UCI machine-learning-databases/blood-transfusion


In [2]:
import numpy as np
import pandas as pd
%pylab inline
pylab.style.use('ggplot')


Populating the interactive namespace from numpy and matplotlib

Getting the Data


In [3]:
url = 'https://archive.ics.uci.edu/ml/machine-learning-databases/blood-transfusion/transfusion.data'
data_df = pd.read_csv(url)

To demonstrate the RFMTC marketing model (a modified version of RFM), this study adopted the donor database of Blood Transfusion Service Center in Hsin-Chu City in Taiwan. The center passes their blood transfusion service bus to one university in Hsin-Chu City to gather blood donated about every three months. To build a FRMTC model, we selected 748 donors at random from the donor database. These 748 donor data, each one included R (Recency - months since last donation), F (Frequency - total number of donation), M (Monetary - total blood donated in c.c.), T (Time - months since first donation), and a binary variable representing whether he/she donated blood in March 2007 (1 stand for donating blood; 0 stands for not donating blood).

Attribute Information:

Given is the variable name, variable type, the measurement unit and a brief description. The "Blood Transfusion Service Center" is a classification problem. The order of this listing corresponds to the order of numerals along the rows of the database.

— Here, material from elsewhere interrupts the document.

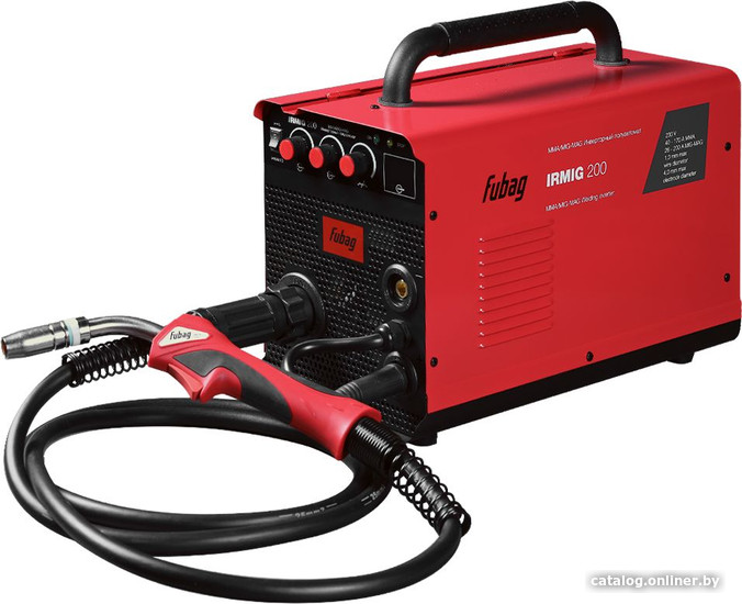 | Информация | Сварочный полуавтомат Fubag IRMIG 200 – универсальный, работающий в режимах MIG-MAG и MMA сварки в самом распространенном диапазоне сварочного тока 26-200 А. Работает с проволокой диаметром 0,6-0,8/0,8-1,0 мм на катушке весом 5 кг и диаметром 200 мм.###BR######BR###Отличный выбор при проведении сварочных работ повышенной сложности на производстве или на стройке. Высокую производительность сварочных работ обеспечивает автоматическая подача проволоки. Регулировка подачи проволоки, сварочного напряжения и индуктивности позволяет настроить оптимальный режим сварки. Модель поставляется в обновленной комплектации – с горелкой 250А внутри коробки. Аппарат снабжен регулировкой индуктивности для снижения количества брызг за счет более точной настройки сварочной дуги. Цифровой дисплей на передней панели отображает текущий сварочный ток.###BR######BR###Передняя панель аппарата снабжена 2 ручками: одна отвечает за регулировку тока сварки и скорость подачи проволоки; вторая – за управление выходным напряжением, что позволяет быстро и просто выбирать режимы и оптимальные параметры сварки. В новом дизайне аппарат получил дополнительную защитную решетку, установленную за передней панелью, для защиты от пыли и других внешних воздействий.###BR######BR###Сварочный полуавтомат Fubag IRMIG 200 оснащен евроразъемом для быстрого и безопасного подключения сварочной горелки. Купив сварочный инвертор IRMIG 200, Вы получите в комплекте трехметровую фирменную горелку 250A и трехметровый газовый шланг, а также кабель с электрододержателем (1,6 м) и кабель заземления (3 м). Продолжительность включения (ПВ) в режиме MIG составляет 25% при 40С. Эти данные приведены в соответствии с европейским стандартом EN60974-1 при внешней температуре 40С. Часто на рынке используется значение ПВ при температуре окружающей среды 20С: чем ниже температура, тем выше ПВ.###BR######BR###Сварочный полуавтомат Fubag IRMIG 200 имеет возможность легкой сменой полярности для работы с самозащитной проволокой. Эффективная система охлаждения, а также встроенная функция термозащиты с индикацией перегрева гарантируют долговечность и надежность использования аппарата в условиях интенсивной эксплуатации. Быстрое подключение сварочных кабелей и евроразъем для подключения горелки гарантируют удобство использования. Все технические характеристики наглядно и подробно указаны на корпусе аппарата. Сварочный полуавтомат Fubag IRMIG 200 поставляется с полным набором аксессуаров для MIG/MAG и ММА сварки . В интернет-магазине fubag.ru вы можете скачать инструкцию по подключению и использованию сварочного полуавтомата Fubag IRMIG 200, а также фотографии аппарата в различных ракурсах, его характеристики и полное описание.###BR######BR###26-200 А (MIG-MAG)###BR###40-170 А (MMA) |
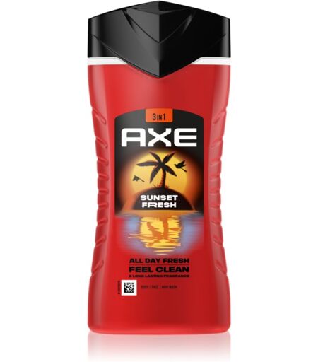 Axe Sunset Fresh, 250 ml, Suihkugeelit ja saippuat Miehille, Suihkugeeli Axe Sunset Fresh tekee välttämättömästä päivittäisestä hygieniasta ainutlaatuisen virkistävän elämyksen.  Ominaisuudet:  pesee hellävaraisesti koko vartalon ihon sopii vartalolle ja hiuksille pehmentää ja kosteuttaa antaa raikkaan ja energisen tunteen jättää ihon samettisen pehmeäksi ja sileäksi  Käyttöohjeet: Levitä tuotetta kostealle iholle ja pese kaikki epäpuhtaudet pois. Huuhtele huolellisesti. ...

  • R (Recency - months since last donation),
  • F (Frequency - total number of donation),
  • M (Monetary - total blood donated in c.c.),
  • T (Time - months since first donation), and
  • a binary variable representing whether he/she donated blood in March 2007 (1 stand for donating blood; 0 stands for not donating blood).

In [4]:
data_df.head()


Out[4]:
Recency (months) Frequency (times) Monetary (c.c. blood) Time (months) whether he/she donated blood in March 2007
0 2 50 12500 98 1
1 0 13 3250 28 1
2 1 16 4000 35 1
3 2 20 5000 45 1
4 1 24 6000 77 0

In [5]:
cols = [c.lower().split()[0] for c in data_df.columns]
cols[-1] = 'class_name'
data_df.columns = cols

In [6]:
data_df.head()


Out[6]:
recency frequency monetary time class_name
0 2 50 12500 98 1
1 0 13 3250 28 1
2 1 16 4000 35 1
3 2 20 5000 45 1
4 1 24 6000 77 0

In [7]:
data_df.head()


Out[7]:
recency frequency monetary time class_name
0 2 50 12500 98 1
1 0 13 3250 28 1
2 1 16 4000 35 1
3 2 20 5000 45 1
4 1 24 6000 77 0

Check for Class Imbalance


In [8]:
counts = data_df['class_name'].value_counts()
counts.plot(kind='bar')


Out[8]:
<matplotlib.axes._subplots.AxesSubplot at 0x14d81b04fd0>

In [9]:
import seaborn as sns
sns.pairplot(data_df, hue='class_name')


Out[9]:
<seaborn.axisgrid.PairGrid at 0x14d81b3ccc0>

Feature Correlations


In [10]:
features = data_df.drop('class_name', axis=1)
labels = data_df['class_name']

corrs = features.corr()
sns.heatmap(corrs, annot=True)


Out[10]:
<matplotlib.axes._subplots.AxesSubplot at 0x14d83de3ef0>

In [11]:
features.corrwith(labels).plot(kind='bar')
pylab.xticks(rotation=30)


Out[11]:
(array([0, 1, 2, 3]), <a list of 4 Text xticklabel objects>)

Feature Importances


In [12]:
from sklearn.feature_selection import f_classif

t_stat, p_vals = f_classif(features, labels)
test_results = pd.DataFrame(np.column_stack([t_stat, p_vals]), 
                            index=features.columns.copy(),
                            columns=['t_stats', 'p_vals'])
test_results.plot(kind='bar', subplots=True)


Out[12]:
array([<matplotlib.axes._subplots.AxesSubplot object at 0x0000014D828FC198>,
       <matplotlib.axes._subplots.AxesSubplot object at 0x0000014D845BF668>], dtype=object)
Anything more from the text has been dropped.